Em carta, líder dos EUA diz que responsabilidade de manter o equilíbrio econômico é dos países com supérávit em conta corrente

O presidente americano, Barack Obama, deixou claro ontem em carta enviada aos líderes do G-20 considerar que os principais responsáveis por garantir a sobrevida da recuperação global e evitar os desequilíbrios macroeconômicos são os países com superávit em conta corrente, como China e Alemanha.

No momento em que os Estados Unidos viraram um dos principais alvos de reclamações por causa do plano de injeção de US$ 600 bilhões no mercado, que provoca a desvalorização do dólar, Obama afirmou que "a força do dólar depende em última instância da força fundamental da economia americana". A carta foi divulgada pela Reuters.

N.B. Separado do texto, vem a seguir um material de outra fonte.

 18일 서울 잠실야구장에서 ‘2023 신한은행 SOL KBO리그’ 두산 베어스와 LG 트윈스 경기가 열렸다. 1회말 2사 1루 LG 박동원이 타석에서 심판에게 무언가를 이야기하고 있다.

O raciocínio do presidente americano é evidente: a injeção seria crucial para recuperar a economia dos EUA, e não deveria ser criticada. Esse ponto fica mais evidente quando Obama escreve que "todos nós reconhecemos agora que as fundações de uma recuperação forte e durável não vão se materializar se as famílias americanas pararem de economizar e voltarem a gastar com base em endividamento".

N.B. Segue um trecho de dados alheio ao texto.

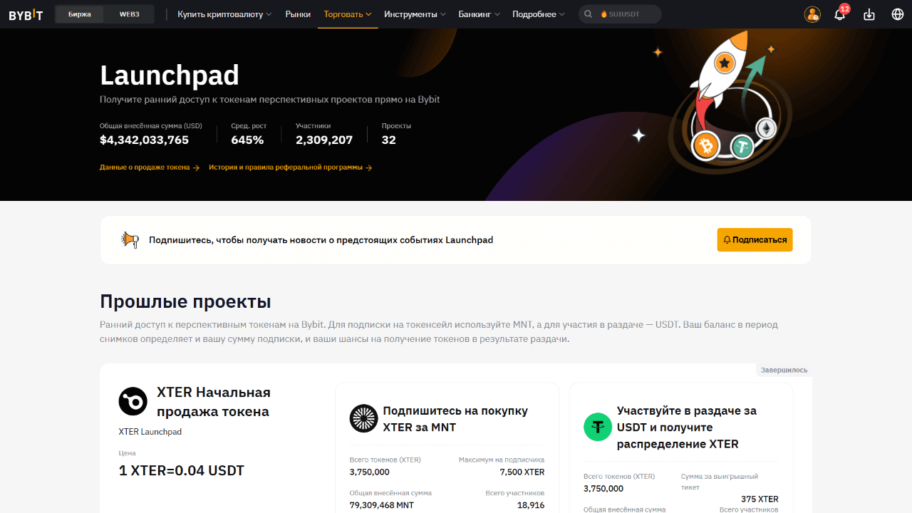 Что касается лаунчпадов Bybit, здесь также все по классике. Это мероприятия по запуску новых токенов и их первичному приобретению по сниженной цене. Конечно, это рискованно, но если токен удачно стартует, может принести неплохую прибыль. Главное, все тщательно изучить и рассчитать.

Em outras palavras, o presidente americano defendeu a redução do consumo nos Estados Unidos como um primeiro passo para reorganizar a economia do país. Isso, por sua vez, é equivalente ao aumento das exportações e redução das importações, o que só pode ser obtido com a desvalorização do dólar.

Em seguida, mudando o foco para os países com superávits, Obama escreveu que "assim como os Estados Unidos devem mudar, também devem as economias que anteriormente dependeram das exportações para contrabalançar as fraquezas da sua própria demanda".

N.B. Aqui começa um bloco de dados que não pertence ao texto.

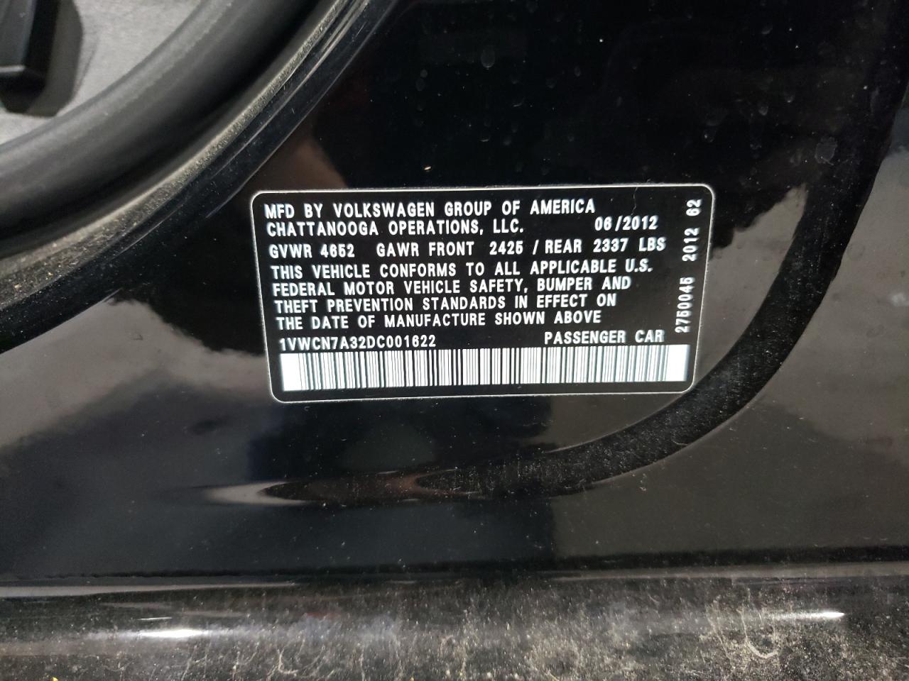 VOLKSWAGEN PASSAT 2.0 2013 р.в., (1VWCN7A32DC001622) з США

Não contente com o recado à Alemanha e à China, o presidente americano ainda afirmou que "o rebalanceamento das fontes da demanda global, junto com a determinação pelo mercado das taxas de câmbio que reverta significativas subvalorizações, são a melhor base para as mudanças que tragam a recuperação vigorosa e bem equilibrada que todos queremos". A China tem uma taxa de câmbio desvalorizada e não fixada pelo mercado.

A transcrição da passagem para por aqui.